The Building and Common Property (Maintenance and Management) Bill, which would lead to the appointment of Commissioner of Buildings (COB) in every State to handle disputes about management services of high-rise dwellings, is a commendable move, said Chang Kim Loong, secretary-general of the National House Buyers Association of Malaysia.

He said HBA hopes that instead of implementing the Bill immediately after it is passed, the Government should wait for about six months to enable certain steps be put into place.

It was reported yesterday that the Bill would be tabled in Parliament next month or at its next sitting.

“Before it is implemented, we need a grace period to ensure that all parties involved understand their responsibilities and the intricacies and workings of the Bill,” said Chang.

“First, we need a proper training programme to educate potential property owners, developers and appointed management agents of their rights and responsibilities,” he said.

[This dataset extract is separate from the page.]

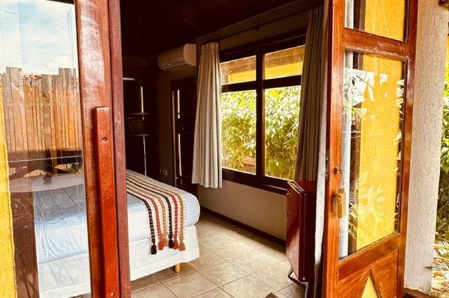 SUÍTE DE 1 AMBIENTE No térreo da pousada (sem vista mar). - Ambiente: cama queen size box, ar-condicionado split, TV 32', frigobar, cofre, banheiro com ducha quente e secador de cabelo.

He said the Government should also provide a detailed manual on the workings and intricacies of this Bill, preferably in all major languages and presented in a format that a layman could relate to.

“Otherwise, it would be difficult for people to comprehend the legal jargon and understand the requirements and instructions in this Bill,” said Chang.

Advertisements informing the public about the Bill or educational roadshows would also be beneficial, he said.

He suggested that the Government set up a special department or a hotline service so people can have their inquiries about the bill attended to, or have their problems addressed.

Currently, a developer manages a property until the residents themselves form a building committee upon receiving their strata titles.

But project maintenance during this interim period has seen problems and there has been no legal remedy so far if buyers are unhappy with the developer’s building management or if the developer is not carrying out proper maintenance.

“This interim period is like ‘the twilight zone’ and is often a time of endless feuding between the relevant parties,” said Chang.

“This feud can go on for years, but at least now, the COB would help them sort out their problems.”